Researchers consider whether supernovae killed off large ocean animals at dawn of Pleistocene
Muons showering Earth may have spelled curtains for Megalodon, a school-bus-sized shark, 2.6 million years ago. Credit: Wikimedia Commons.

About 2.6 million years ago, an oddly bright light arrived in the prehistoric sky and lingered there for weeks or months. It was a supernova some 150 light years away from Earth. Within a few hundred years, long after the strange light in the sky had dwindled, a tsunami of cosmic energy from that same shattering star explosion could have reached our planet and pummeled the atmosphere, touching off climate change and triggering mass extinctions of large ocean animals, including a shark species that was the size of a school bus.

The effects of such a supernova—and possibly more than one—on large ocean life are detailed in a paper just published in Astrobiology.

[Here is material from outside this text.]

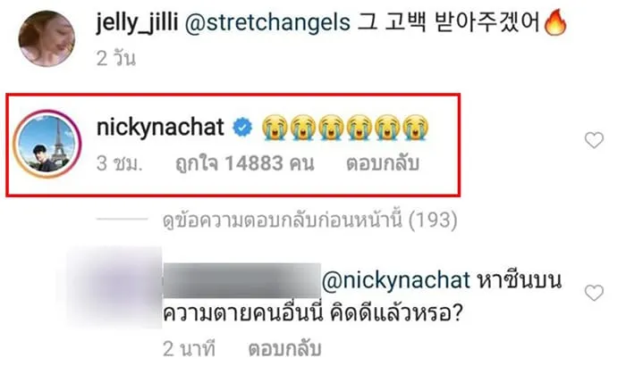 ล่าสุด ทางด้านของ หนุ่มนิกกี้ ได้เข้าไปโผล่คอมเม้นต์เพื่อแสดงความเสียใจถึงการจากไปของดาราสาวจากเกาหลี ซอลลี่ อดีตสมาชิกวง f(x) ที่ได้เสียชีวิตลง โดยการเข้าแสดงความคิดเห็นใต้รูปภาพด้วยอิโมจิร้องไห้ แต่กลับต้องโดนชาวเน็ตรุมด่าอย่างหนัก พร้อมกับโดนตั้งข้อสงสัย เสียใจจริงหรือจะเกาะกระแส รู้จักเขาหรอ ถึงเข้ามาเม้นต์?

"I've been doing research like this for about 15 years, and always in the past it's been based on what we know generally about the universe—that these supernovae should have affected Earth at some time or another," said lead author Adrian Melott, professor emeritus of physics & astronomy at the University of Kansas. "This time, it's different. We have evidence of nearby events at a specific time. We know about how far away they were, so we can actually compute how that would have affected the Earth and compare it to what we know about what happened at that time—it's much more specific."